Decision Date30 June 1943
Citation50 N.E.2d 193,314 Mass. 309
PartiesJOHN HOLDEN v. PHILLIP BLOOM.
CourtUnited States State Supreme Judicial Court of Massachusetts Supreme Court

December 8, 1942.

Present: FIELD, C.

J., DONAHUE, QUA DOLAN, & RONAN, JJ.

Negligence, Motor vehicle, Use of way, Violation of law, Contributory. Evidence, Presumptions and burden of proof.

On evidence of the circumstances in which a defendant operated an automobile toward and struck the plaintiff, a boy playing in the street near the curb, without slowing down as required by G. L (Ter. Ed.) c.

90, Section 14 after observing the boy, or changing his course, which he might have done, there was error in granting a request by the defendant for a ruling that as a matter of law there was no evidence of negligence on his part which contributed to the plaintiff's injury, and in denying a request for the plaintiff that the evidence would warrant a finding for him.

A boy ten years of age, playing in a street near the curb and struck by an automobile which he had heard approaching, in the circumstances shown by the evidence had a right to rely to a reasonable extent upon the expectation that the operator of the automobile would take reasonable precautions to avoid injuring him and, in an action by him against the operator, a ruling that he was contributorily negligent was not required.

A ruling that the defendant in an action by a minor for personal injuries had not sustained the burden, placed upon him by G. L. (Ter. Ed.) c.

231, Section 85, of proving that the plaintiff was guilty of contributory negligence was not necessarily inconsistent with a ruling, in an action by the minor's father for consequential damages, heard with the minor's action upon the same evidence, that the father had not sustained the burden resting upon him at common law, of proving that the minor was in the exercise of due care.

TORT. Writ in the Second District Court of Eastern Middlesex dated November 18, 1939.

The case was first heard by Murray, J., and, at the second trial, by Moynihan, J.

G. B. Stuart, for the plaintiff, submitted a brief. H. S. Avery, for the defendant.

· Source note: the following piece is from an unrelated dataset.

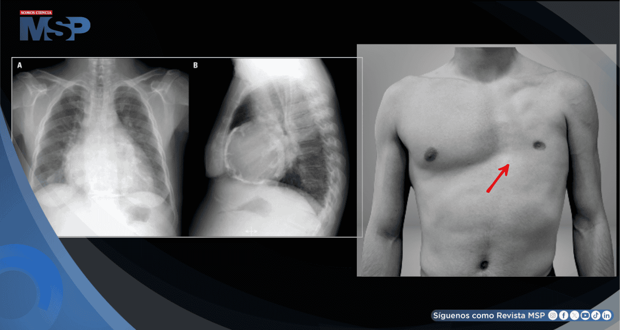 El paciente era independiente para sus actividades diarias y trabajaba en el sector de la construcción. No fumaba, no consumía alcohol ni otras sustancias, y no conocía antecedentes familiares de anomalías similares en el tórax o las extremidades.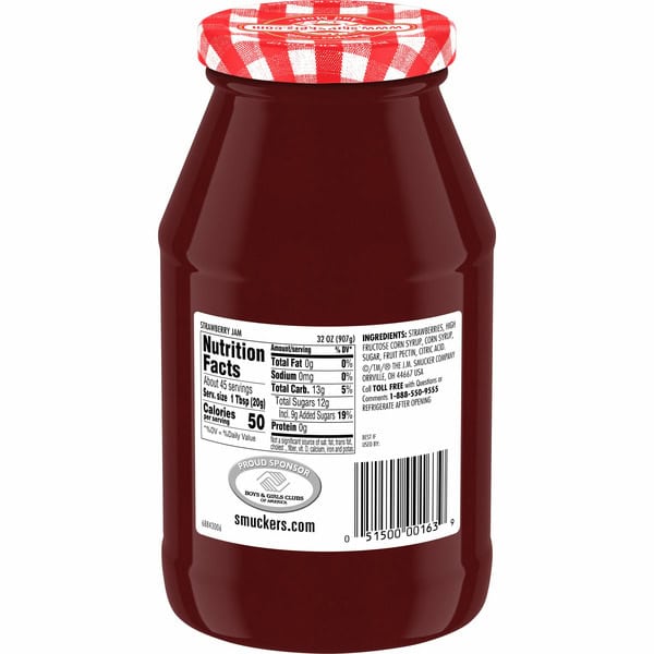 For over 100 years, families have loved Smucker’s Strawberry Jam. With just the right balance of fruit and sweetness, this tasty jam could be used for almost anything. Make a balsamic vinaigrette, pair it with chocolate, or add a heaping dollop to your morning oatmeal. This jam is also great to spread on English muffins, scones, or a classic PB and J sandwich. We use ripe strawberries, so the flavors can shine through in every single bite. Snack time will always be an adventure when you bring out Smucker’s Strawberry Jam.

DOLAN, J. This is an action of tort to recover compensation for personal injuries sustained by the plaintiff, a minor, as a result of alleged negligence on the part of the defendant. The case was tried first in the District Court together with an action of the minor's father for consequential damages. At the close of the evidence the defendant made two requests for rulings as follows: "1. As a matter of law there is no evidence of negligence on the part of the defendant which contributed to the plaintiff's injury. 2. There is sufficient evidence as a matter of law to warrant the court in finding that the plaintiff was guilty of contributory negligence." The judge allowed the defendant's first request for a ruling. He also "allowed the defendant's second request . . . as modified that the evidence does not require such a finding but may warrant it." He denied, among others, the plaintiff's request for a ruling that the evidence warranted a finding for the plaintiff. The judge found for the defendant in both cases because he could not "find the evidence warrants a finding of the defendant's negligence." Both cases were reported to the Appellate Division which ordered that the findings for the defendant be vacated and that a new trial be had.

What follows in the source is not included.